After the extracts had been evaporated to get the dried crude form, they were then placed in an appropriate container and stored in a refrigerator at 4°C till the time for their use. The ethanolic extract percentage yield was 18.50 percent w/w. The entire study was then done on the basis of Ethanolic extract of Annona squamosa.

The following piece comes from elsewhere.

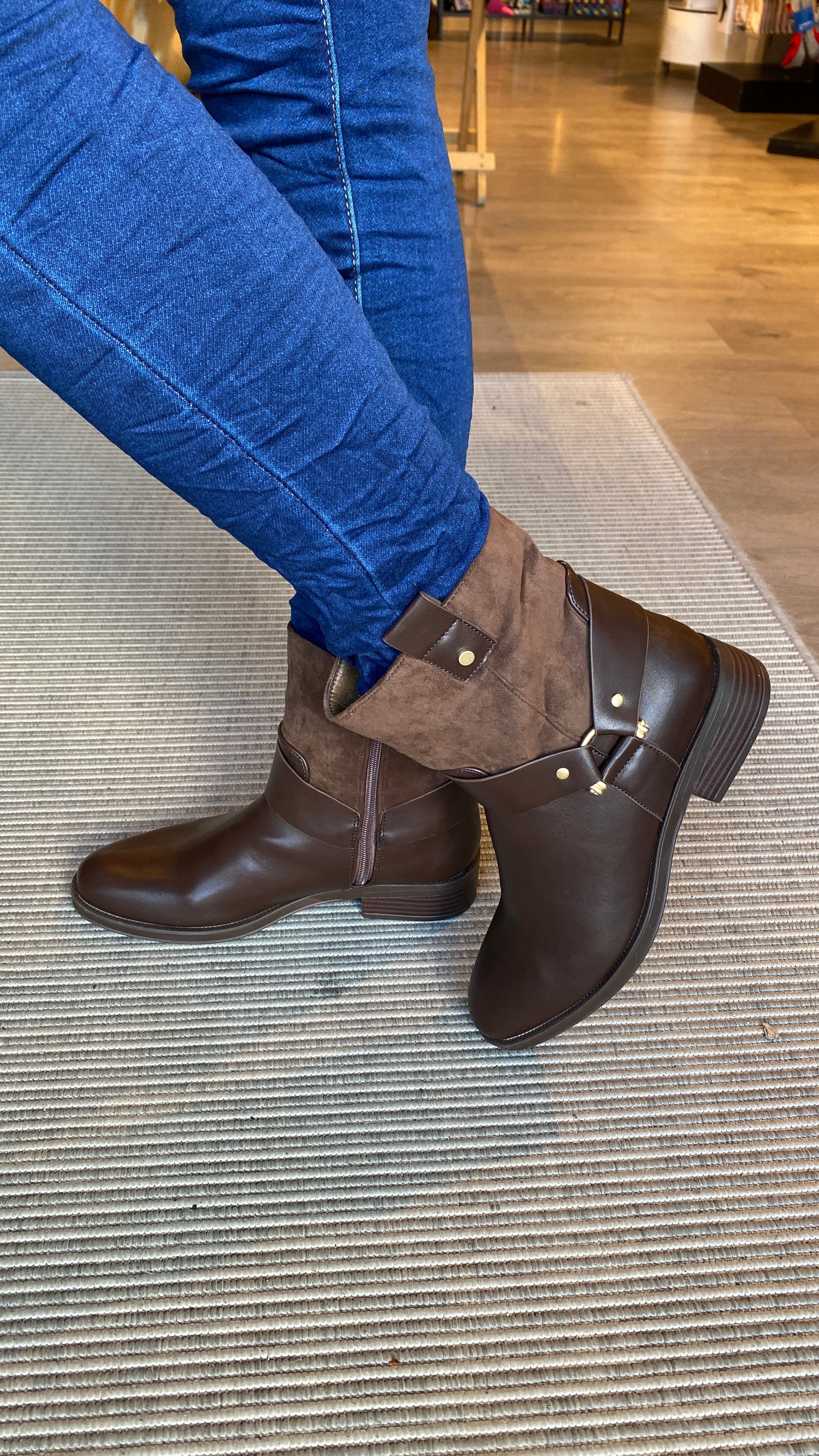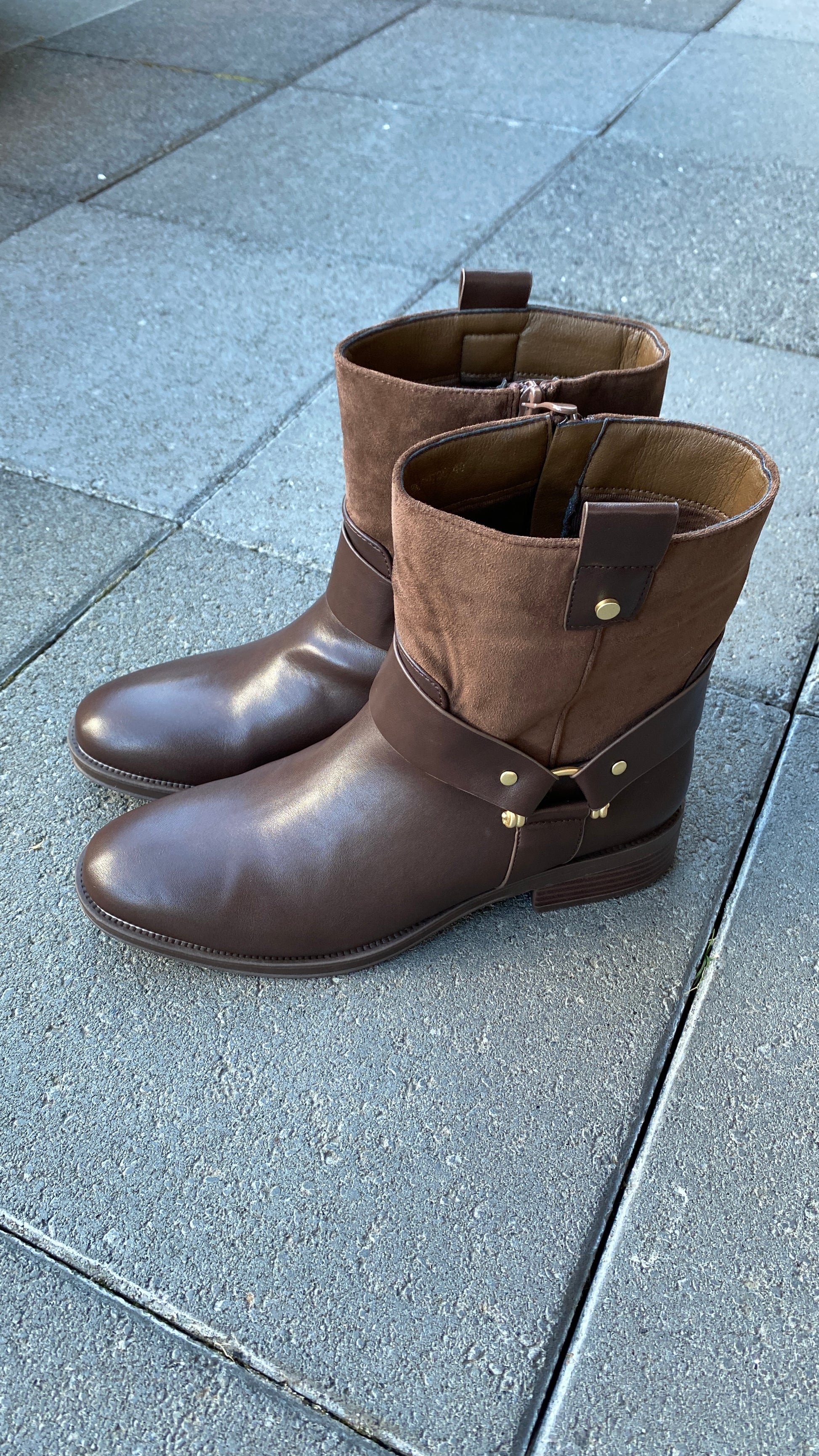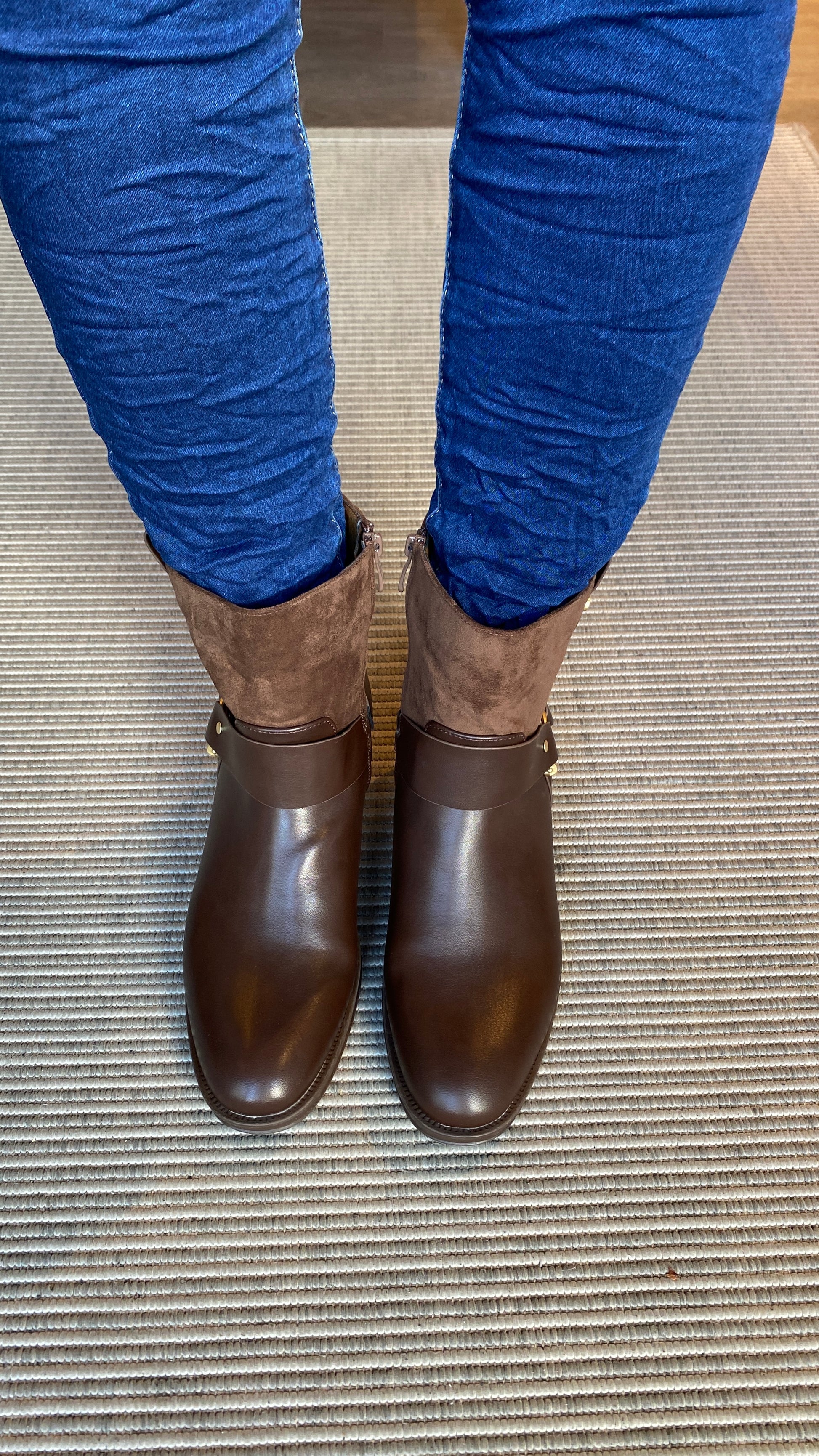 Flott lág stígvél ú vegan leðri og rúskinnni, rennilás á hliðinni, lágir hælar og gyllt spenna á hliðinni.

Medicinal Properties: Antioxidant, Antitumor, Antimalarial, Antiulcer, Anthelmintic, Anti-genotoxic, Antibacterial, wound healing, Hepatoprotective, Antimicrobial, Antidiabetic, Cytotoxic, Anti-arthritic, Anti-inflammatory, Analgesic, Anti-HIV, Stress, Depression, Prevent Ageing, Antihyperlipidemic, Larvicidal, Anticancer, and Antithyroid activity.
Toxicity: The alcoholic extract’s LD50 was estimated to be 2000 mg/kg. This plant has also known to be edible, making it safe, and accordingly, 1/10th and 1/20th doses were selected for study, i.e., low dose 100 mg/kg, intermediate-dose 200 mg/kg, and high dose 300 mg/kg for the test groups with dose conversion.
Drug Treatment: The ethanolic extract was suspended in Normal saline in doses of 100, 200, 300 mg/kg p.o. for the pharmacological tests. The doses were selected based on the previous studies on ethanolic extract.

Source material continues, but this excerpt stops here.